**WORK TO BE COMPLETED**
Omit all images, then repeat exactly the lines below from the one containing "Maglia in Cotone" through the one containing "Cangrejo, Philadelphia y arroz de yakimeshi.", both ends included.

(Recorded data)
★ ★ ★ ★ ★ ★ ★
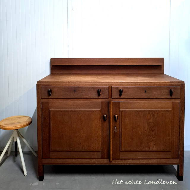 Artikelnummer: i4656 OverzichtEen prachtig en bijzonder Vintage Mid Century dressoir in Amsterdamse stijl. Dit dressoir is echt een one of a kind en valt direct op door de geweldige details.
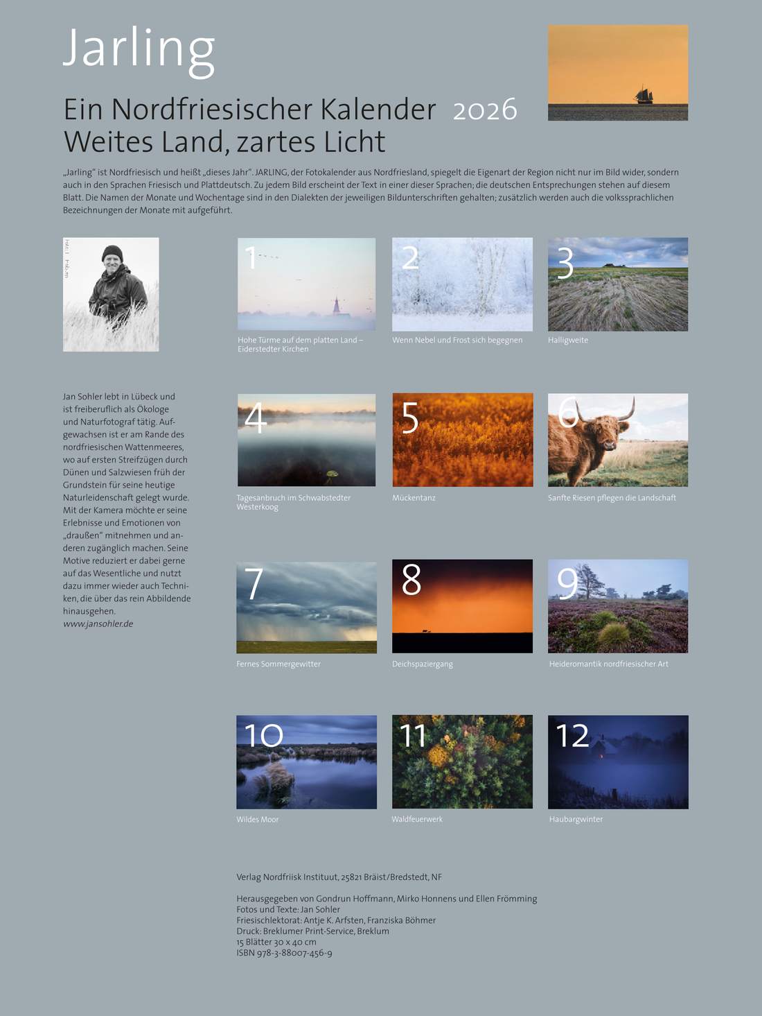 "Jarling" ist Nordfriesisch und heißt "dieses Jahr". JARLING, der Fotokalender aus Nordfriesland, spiegelt die Eigenart der Region nicht nur im Bild wider, sondern auch in den Sprachen Friesisch und Plattdeutsch. Auf jedem Bild stehen die Texte in einem anderen friesischen Dialekt oder Plattdeutsch. Die Monate und Wochentage sind in den Dialekten der jeweiligen Bildunterschriften gehalten; zusätzlich werden auch die volkssprachlichen Bezeichnungen der Monate mit aufgeführt.
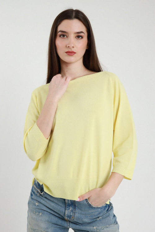 Maglia in Cotone Punto Riso Manica 3/4, Scollo Barchetta.
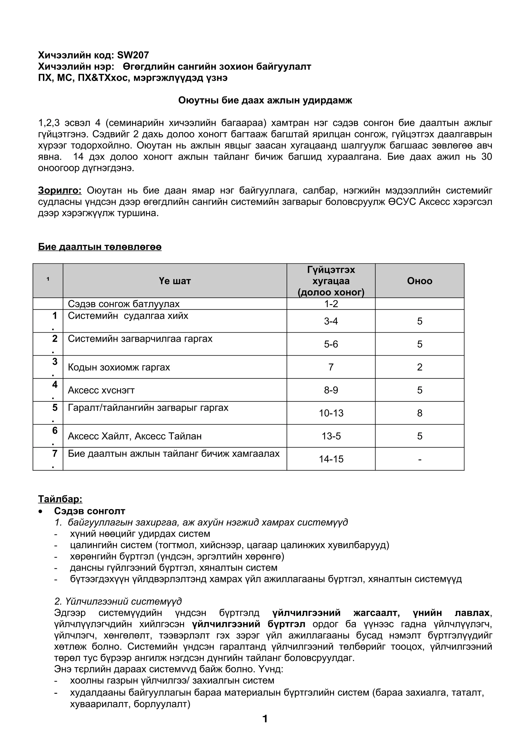 • Бие даалт 7. Бие даалтын ажлын тайланг бичиж хамгаалах
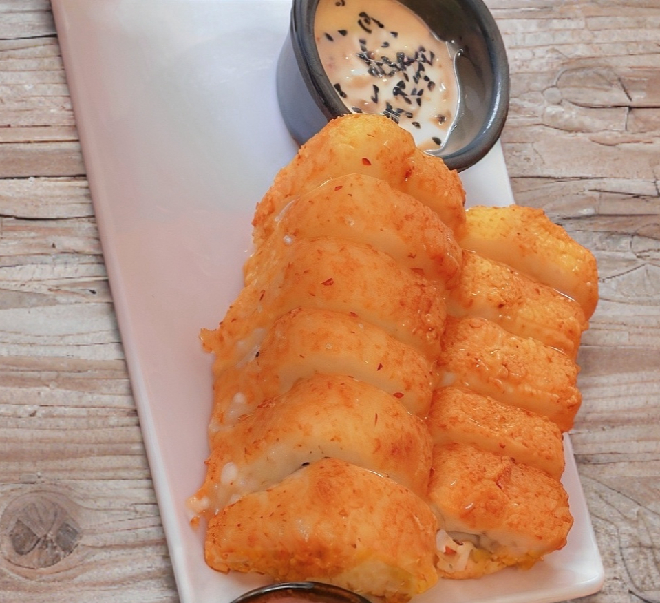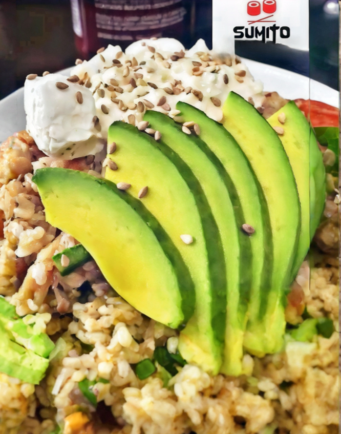 Cangrejo, Philadelphia y arroz de yakimeshi.
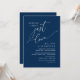 Vacker modern vacker casual minimalistisk, marinblå scriptfont, bröllopsannonsering för flyktälskande par, middag och festfirande, bröllopsinbjudan (Inget fint, bara kärlek). Detta är perfekt för din bröllopsfest och efterbröllopsfirande. Lägg till dina detaljer i matchande teckensnitt / bokstäver.
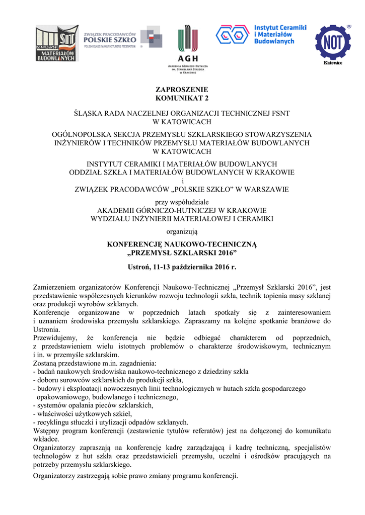 ZAPROSZENIE KOMUNIKAT 2 ŚLĄSKA RADA NACZELNEJ ORGANIZACJI TECHNICZNEJ FSNT W KATOWICACH OGÓLNOPOLSKA SEKCJA PRZEMYSŁU SZKLARSKIEGO STOWARZYSZENIA INŻYNIERÓW I TECHNIKÓW PRZEMYSŁU MATERIAŁÓW BUDOWLANYCH W KATOWICACH INSTYTUT CERAMIKI I MATERIAŁÓW BUDOWLANYCH ODDZIAŁ SZKŁA I MATERIAŁÓW BUDOWLANYCH W KRAKOWIE i ZWIĄZEK PRACODAWCÓW „POLSKIE SZKŁO” W WARSZAWIE przy współudziale AKADEMII GÓRNICZO-HUTNICZEJ W KRAKOWIE WYDZIAŁU INŻYNIERII MATERIAŁOWEJ I CERAMIKI organizują KONFERENCJĘ NAUKOWO-TECHNICZNĄ „PRZEMYSŁ SZKLARSKI 2016” Ustroń, 11-13 października 2016 r. Zamierzeniem organizatorów Konferencji Naukowo-Technicznej „Przemysł Szklarski 2016”, jest przedstawienie współczesnych kierunków rozwoju technologii szkła, technik topienia masy szklanej oraz produkcji wyrobów szklanych. Konferencje organizowane w poprzednich latach spotkały się z zainteresowaniem i uznaniem środowiska przemysłu szklarskiego. Zapraszamy na kolejne spotkanie branżowe do Ustronia. Przewidujemy, że konferencja nie będzie odbiegać charakterem od poprzednich, z przedstawieniem wielu istotnych problemów o charakterze środowiskowym, technicznym i in. w przemyśle szklarskim. Zostaną przedstawione m.in. zagadnienia: - badań naukowych środowiska naukowo-technicznego z dziedziny szkła - doboru surowców szklarskich do produkcji szkła, - budowy i eksploatacji nowoczesnych linii technologicznych w hutach szkła gospodarczego opakowaniowego, budowlanego i technicznego, - systemów opalania pieców szklarskich, - właściwości użytkowych szkieł, - recyklingu stłuczki i utylizacji odpadów szklanych. Wstępny program konferencji (zestawienie tytułów referatów) jest na dołączonej do komunikatu wkładce. Organizatorzy zapraszają na konferencję kadrę zarządzającą i kadrę techniczną, specjalistów technologów z hut szkła oraz przedstawicieli przemysłu, uczelni i ośrodków pracujących na potrzeby przemysłu szklarskiego. Organizatorzy zastrzegają sobie prawo zmiany programu konferencji. TERMIN: KOSZT: MIEJSCE: REFERATY: Konferencja odbędzie się w dniach 11-13 października 2016 roku w Ustroniu. Planowane 4 sesje (ok. 14-16 referatów i prezentacja firm). Koszt uczestnictwa wynosi 1350,00zł + 23% VAT od osoby /płatność do 15.09.2016 r./ w tym pełne wyżywienie, noclegi, materiały sympozjalne, przerwy kawowe, uroczysta kolacja. W przypadku rezerwacji pokoju jednoosobowego koszt konferencji jest wyższy o 150 zł + 23% VAT. Liczba pokoi jednoosobowych jest ograniczona. Wpłaty należy dokonać na nasze konto - ING Bank Śląski S.A. O/Katowice nr rach. 27 1050 1214 1000 0007 0000 8949. Kartę zgłoszenia prosimy przesłać do Śląskiej Rady NOT FSNT w Katowicach (najlepiej równocześnie z przelaniem wpłaty). Ustroń, Hotel Olympic, /pokoje z łazienkami/. Przewiduje się na życzenie rezerwację dodatkowych noclegów z 10 na 11 i z 13 na 14 października 2016 r., płatne odrębnie w recepcji hotelu – rezerwacja dodatkowa zależna od możliwości zakwaterowania w hotelu. Referaty opracowane i prezentowane będą przez znanych specjalistów i technologów zajmujących się zagadnieniami techniki i technologii w przemyśle szklarskim, surowców i materiałów, urządzeń i automatyki, projektantów, konstruktorów i wykonawców pieców szklarskich. /WAŻNE DLA UCZELNI/ możliwość wygłoszenia i zamieszczenia referatów i komunikatów w materiałach sympozjalnych - objętość do 12-15 stron - nieodpłatnie. Termin dostarczenia referatów 14 września 2016 r. Termin zgłoszenia komunikatów: 1 września 2016 r. Warunkiem jest opłacona karta zgłoszeniowa. REFERATY PROMOCYJNE: Wystąpienia promocyjne – referaty i ekspozycje na odrębnych zasadach finansowych, możliwość reklamy w materiałach. Objętość referatów nie powinna przekraczać 10-15 stron, termin zgłoszenia referatów: 1 września 2016 r. ZGŁOSZENIA: Kartę zgłoszenia należy przesłać w terminie j.w. pocztą, faxem - Śląska Rada NOT FSNT w Katowicach, 40-955 Katowice, ul. Podgórna 4, skr. poczt. 468, tel./fax. [32] 256-48-89 lub 256-22-45 lub mailem na adres [email protected]. Informacje pod nr tel. [32] 256-48-89 lub 256-22-45. Zaproszenie ze szczegółowym programem wyślemy pod koniec września 2016 roku. Dyrektor Śląskiej Rady NOT FSNT w Katowicach Tadeusz Zadrożny WYSŁAĆ DO ŚLĄSKIEJ RADY NOT FSNT W KATOWICACH ŚLĄSKA RADA NACZELNEJ ORGANIZACJI TECHNICZNEJ FSNT W KATOWICACH 40-955 Katowice, ul. Podgórna 4 KARTA ZGŁOSZENIA KONFERENCJA NAUKOWO-TECHNICZNA „PRZEMYSŁ SZKLARSKI 2016” Ustroń, 11- 13 października 2016 r. Hotel Olympic Imię i nazwisko Tytuł naukowy Zakład pracy Dokładny adres (tel. i fax) Stanowisko Karta zgłoszenia powinna wpłynąć do Śląskiej Rady NOT FSNT w Katowicach w do 15.09.2016 r. - koszt 1350 zł + 23% VAT od osoby. W przypadku rezerwacji pokoju jednoosobowego koszt konferencji jest wyższy o 150 zł + 23%VAT. Liczba pokoi jednoosobowych jest ograniczona. Prosimy o rezerwację pokoju jednoosobowego Dot.: promocji Zgłaszam: - referat promocyjny – komunikat tytuł ................................................................. .................................................................................................................................................................... - reklamę w materiałach - ekspozycję/stoisko Rezerwacja dodatkowych noclegów 10/11 października i/lub 13/14 października 2016 r. (prosimy o zakreślenie odpowiednich dat) - płatna odrębnie w recepcji hotelu – rezerwacja dodatkowa zależna od możliwości zakwaterowania w hotelu Zobowiązujemy się przekazać należną kwotę: 1350 zł +23%VAT za jednego uczestnika tj. 1660,50 zł brutto, w przypadku rezerwacji pokoju jednoosobowego dodatkowo 150zł +23% VAT na Wasze konto: ING Bank Śląski S.A. O/Katowice nr rach. 27 1050 1214 1000 0007 0000 8949. Jednocześnie oświadczamy, że : nie jestem płatnikiem VAT jesteśmy płatn
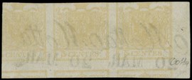 1863 - Regno d'Italia: 15c chiaro, tiratura di Londra, non dentellato, annullato con un timbro sardo italiano [..]
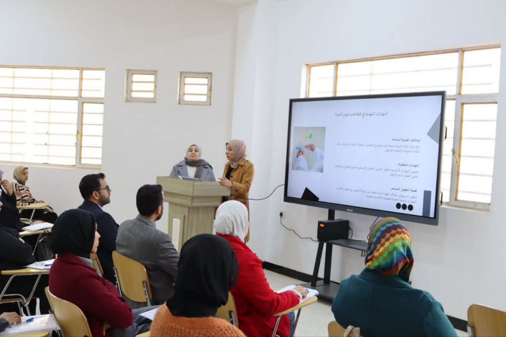 وتضمّنت الندوة محاضرتين علميتين قدّمتهما م.د. أفراح جواد عبد وم.م. سلوى أحمد حمزة، تناولتا خلالهما محاور متعددة شملت مفهوم التمكين المهني للمرأة، وأهمية الاستثمار في التعليم والتدريب المستمر، ودور التخصصات المرتبطة بعلوم الحياة في بناء القدرات وتعزيز فرص العمل، إلى جانب تسليط الضوء على أبرز التحديات التي تواجه المرأة في مسيرتها المهنية وسبل معالجتها.
★ ★ ★ ★ ★ ★ ★
**FINISHED EXERCISE**
 Maglia in Cotone Punto Riso Manica 3/4, Scollo Barchetta.
 • Бие даалт 7. Бие даалтын ажлын тайланг бичиж хамгаалах
 Cangrejo, Philadelphia y arroz de yakimeshi.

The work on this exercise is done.